[Python-Dev] len(chr(i)) = 2?

Thu Nov 25 05:37:33 CET 2010

On Wed, Nov 24, 2010 at 9:17 PM, Stephen J. Turnbull <stephen at xemacs.org> wrote:
..
>  > I note that an opinion has been raised on this thread that
>  > if we want compressed internal representation for strings, we should
>  > use UTF-8.  I tend to agree, but UTF-8 has been repeatedly rejected as
>  > too hard to implement.  What makes UTF-16 easier than UTF-8?  Only the
>  > fact that you can ignore bugs longer, in my view.
>
> That's mostly true.  My guess is that we can probably ignore those
> bugs for as long as it takes someone to write the higher-level
> libraries that James suggests and MAL has actually proposed and
> started a PEP for.
>

As far as I can tell, that PEP generated grand total of one comment in
nine years.  This may or may not be indicative of how far away we are
from seeing it implemented.  :-)

As far as UTF-8 vs.
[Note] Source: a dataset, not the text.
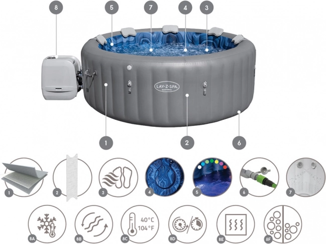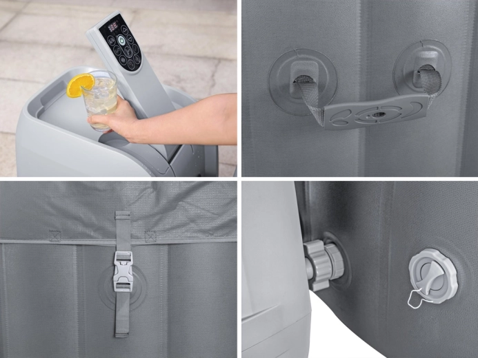 Nafukovací stěny této lázně jsou vyrobeny z odolného třívrstvého materiálu DuraPlus™, který je odolný proti propíchnutí. Vyznačuje se vyšší odolností proti roztržení a pevností v tahu (ve srovnání s běžným PVC). Tento typ vnitřní konstrukce zabraňuje rozpínání v průběhu času, takže lázně si zachovávají stejný tvar bez ohledu na to, kolikrát jsou nafouknuty a vyfouknuty.

UCS-2/4 debate, I have an idea that may be even
more far fetched.  Once upon a time, Python Unicode strings supported
buffer protocol and would lazily fill an internal buffer with bytes in
the default encoding.  In 3.x the default encoding has been fixed as
UTF-8, buffer protocol support was removed from strings, but the
internal buffer caching (now UTF-8) encoded representation remained.
Maybe we can now implement defenc logic in reverse.  Recall that
strings are stored as UCS-2/4 sequences, but once buffer is requested
in 2.x Python code or char* is obtained via
_PyUnicode_AsStringAndSize() at the C level in 3.x, an internal buffer
is filled with UTF-8 bytes and  defenc is set to point to that buffer.
  So the idea is for strings to store their data as UTF-8 buffer
pointed by defenc upon construction.  If an application uses string
indexing, UTF-8 only strings will lazily fill their UCS-2/4 buffer.
Proper, Unicode-aware algorithms such as grapheme, word or line
iteration or simple operations such as concatenation, search or
substitution would operate directly on defenc buffers.  Presumably
over time fewer and fewer applications would use code unit indexing
that require UCS-2/4 buffer and eventually Python strings can stop
supporting indexing altogether just like they stopped supporting the
buffer protocol in 3.x.